Parallel Polynomial Permanent Mod Powers of 2 and Shortest Disjoint Cycles

TL;DR

This paper introduces a parallel algorithm for computing the permanent modulo 2^k for matrices of univariate integer polynomials, placing the problem in a low-depth complexity class and improving algorithms for shortest disjoint paths and cycles.

Contribution

It extends existing techniques to develop a parallel algorithm for permanent mod 2^k and shortest disjoint cycles, advancing parallel approaches for these problems.

Findings

Permanent mod 2^k is in ParityL subset of NC^2.

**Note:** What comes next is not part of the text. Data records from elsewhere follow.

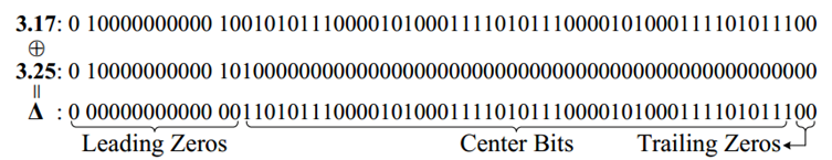 (1)先导零、尾随零和中心位:如图4所示,先导零为XOR结果Δ的底层格式中,第一个1之前的所有零;尾随零为Δ最后一个1之后的所有零;中心位为先导零和尾随零之间的数据。
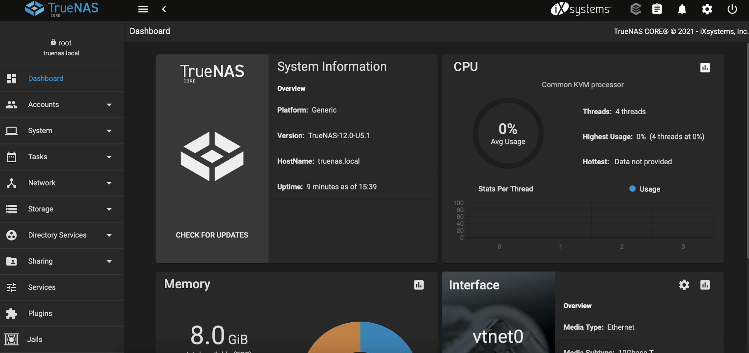 Para acessar a interface web do TrueNAS, é só digitar o endereço 192.168.1.30.
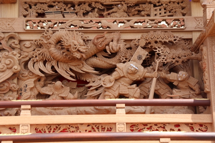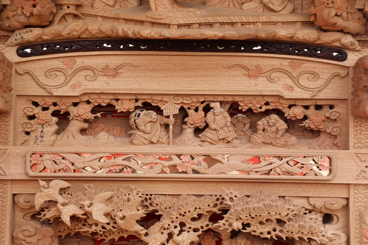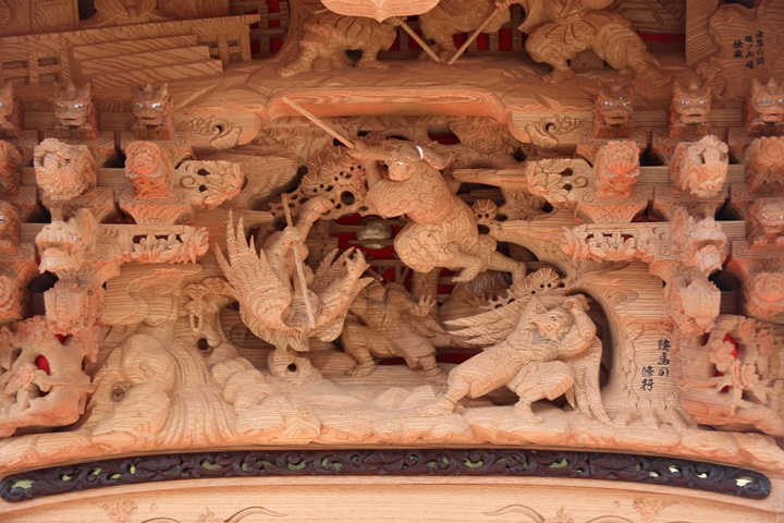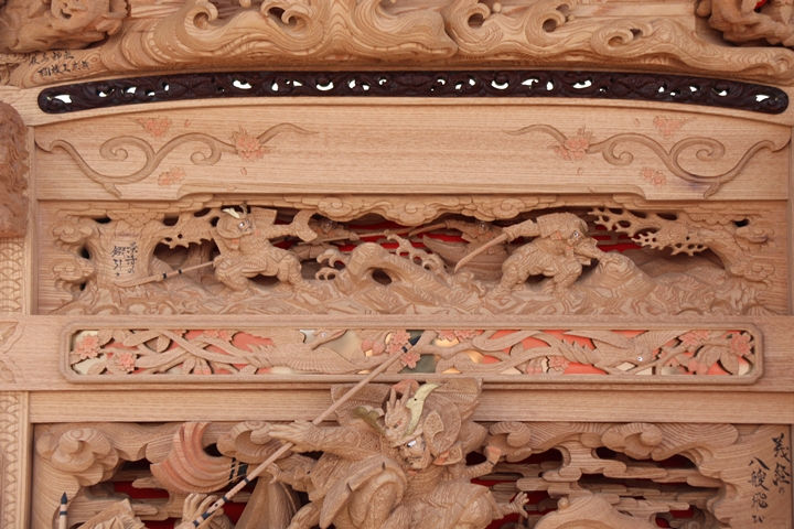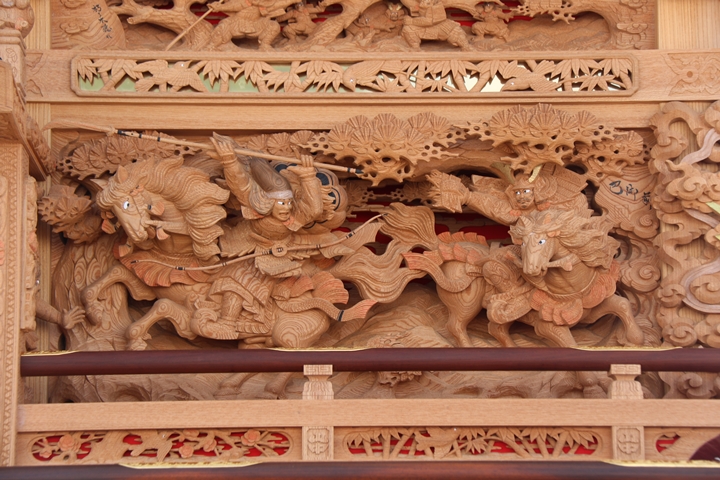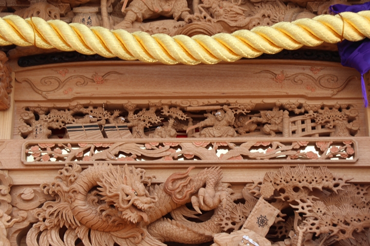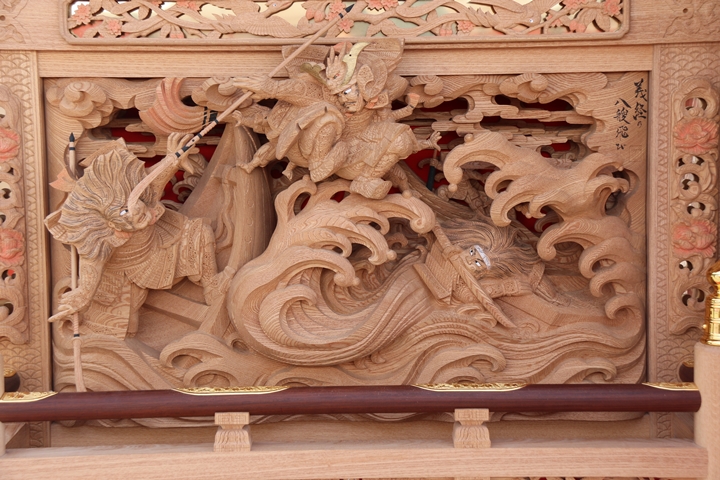 | 昨日、「地車ダイジェスト」と題して山中渓やぐら新調入魂式の模様を御紹介しましたがその中から主要な彫物を「彫物研究」と題して再編集してみました。彫師:木彫片山・木彫前田工房による素晴らしい彫物を堪能して頂ければ幸いです。 | |
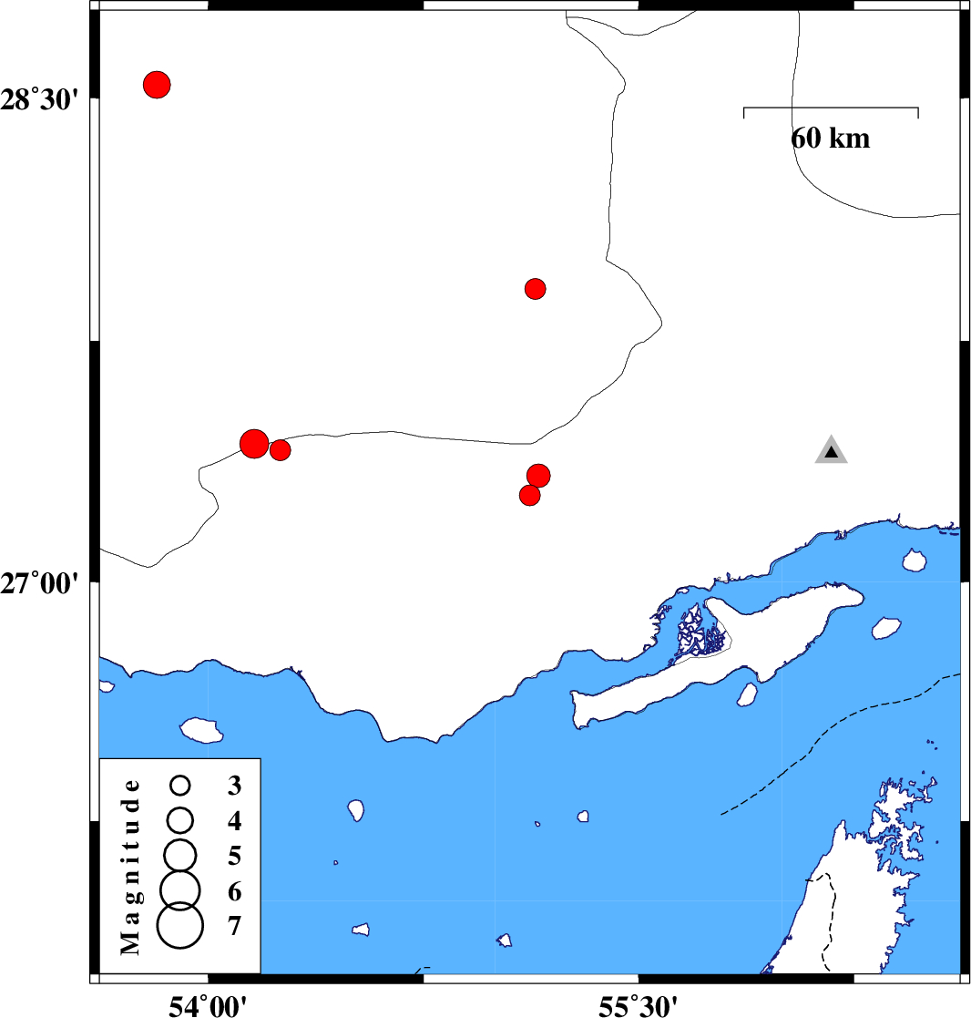 | 2020/12/11 | 20:47:54.7 | 00:17:54.7 | 27.43 | 54.16 | 10 | ML:4.5 | Fars Province, 33 km South-West of Lar | ||
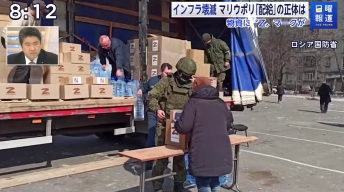 水、食料を受け取った人の段ボールをみると、ロシア軍を示すZのマークがしるされている。これはロシア国防省が公開した映像。
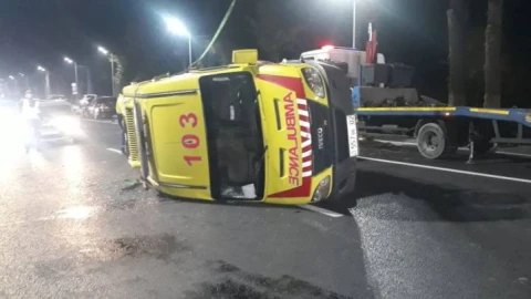 Жаппай жол апаты салдарынан жедел жәрдем көлігі аударылып кетті
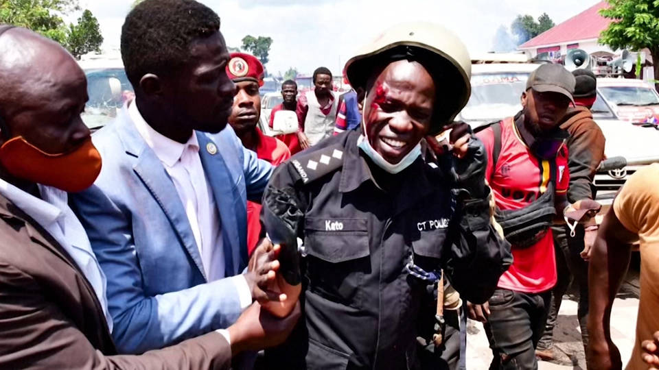 En Uganda, el candidato presidencial Bobi Wine suspendió su campaña después de que miembros de su equipo resultaron heridos y dispararon contra su automóvil.

New randomized parallel algorithms for shortest 2-disjoint paths.

Algorithms for shortest cycles passing through fixed vertices or edges.

Abstract

We present a parallel algorithm for permanent mod 2^k of a matrix of univariate integer polynomials. It places the problem in ParityL subset of NC^2. This extends the techniques of [Valiant], [Braverman, Kulkarni, Roy] and [Bj\"orklund, Husfeldt], and yields a (randomized) parallel algorithm for shortest 2-disjoint paths improving upon the recent result from (randomized) polynomial time. We also recognize the disjoint paths problem as a special case of finding disjoint cycles, and present (randomized) parallel algorithms for finding a shortest cycle and shortest 2-disjoint cycles passing through any given fixed number of vertices or edges.